We reviewed the clinical files of patients with benign and malignant hematological diseases, as well as other diseases, who underwent splenectomy from 1994 to 2005.
Twenty five patients with a mean age of 38.5 years were submitted for open splenectomy. Splenomegaly was found in 12 patients (48%). The most frequent abdominal wall incision was transverse left subcostal (64%). Average surgical time was 125 min, bleeding 485 ml, spleen weight 1553.6 g and mean size 15 x 11 x 12 cm. Mean hospital stay was 7.5 days. Eighteen patients (72%) did not have immediate complications. One patient (4%) developed surgical wound infection, two patients (8%) had significant pain, three patients (12%) had bleeding and one patient (4%) developed intraabdominal fluid collection.

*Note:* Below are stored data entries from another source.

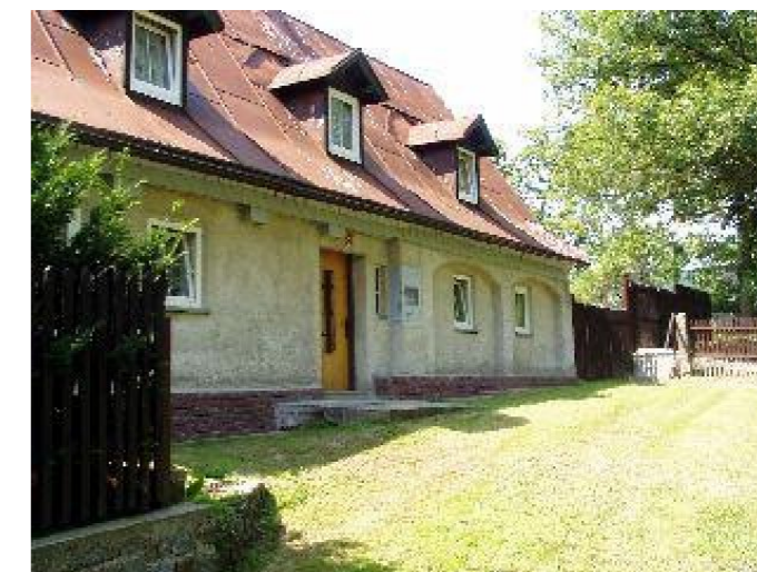
Brtníky č. p. 10 - Pohled na objekt z jihu
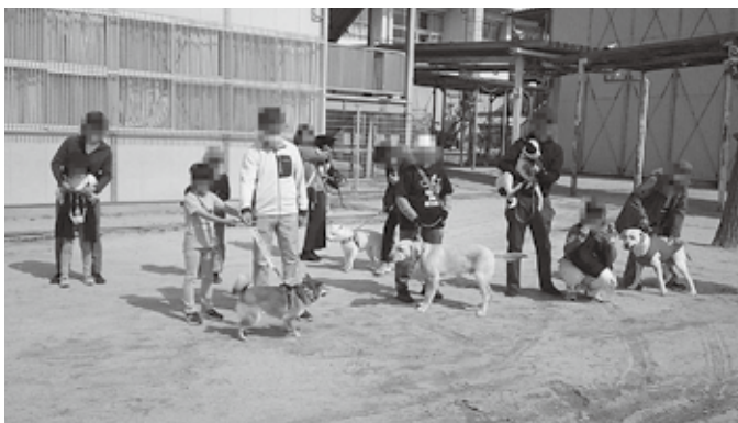
アットホームで楽しい会になりました

わんわんパトロール隊・ひろたの連絡会が、3月28日 に広田小学校中庭で行われました。いつもはおのおので 活動していますが、飼い主も犬も交流を深められた良い 機会になりました。今後も、年に1度の連絡会を予定し ています。
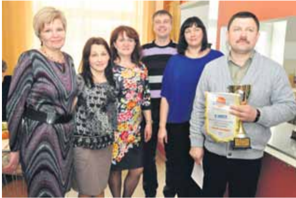
Серебряный призёр - команда Лачской основной школы
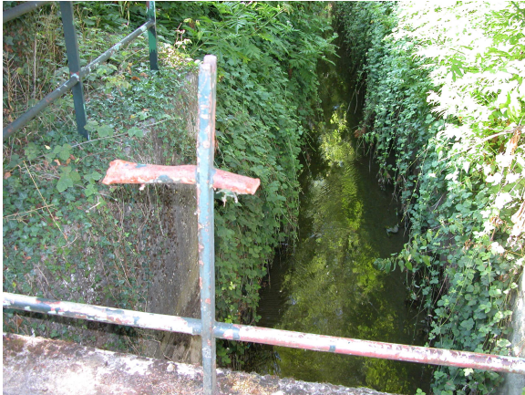
Vue amont du point de prélèvement invertébrés

Code de la station : 03112295 Cours d'eau : MORBRAS Commune : SUCY-EN-BRIE Code INSEE de la commune 94071 Date de mise à jour : 04/03/2016
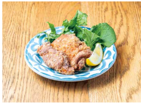
スパイシーチキンフリット 770 Spicy Fried Chicken
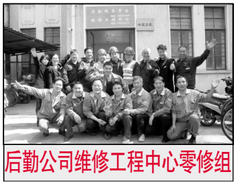
后勤公司维修工程中心零修组

研究院是学术生产的窗口，已经成为了学校服务国家和地方发展的窗口，联系政府、企业、高校、媒体的纽带。研究院是学术和咨政研究国际化的窗口，通过多年的建设，研究院已经成为国内高校智库国际化的引领者之一。研究院是新型人才培养的窗口，已经探索出“智库育人”的有效渠道。

Twenty one patients (84%) did not have further complications. One patient (4%) developed multiple organ failure, another patient (4%) developed thrombocytopenia and another (4%) developed severe pain. During an average 81-month follow-up we found 14 patients (56%) asymptomatic, two patients (8%) with documented tumoral activity (angiosarcoma and non-Hodgkin's lymphoma) and one patient (4%) developed a second neoplasm. Six patients (24%) died due to underlying disease (chronic myeloid leukemia and lymphoma), one patient (4%) with active disease (Hodgkin's disease) and one patient (4%) died due to other causes.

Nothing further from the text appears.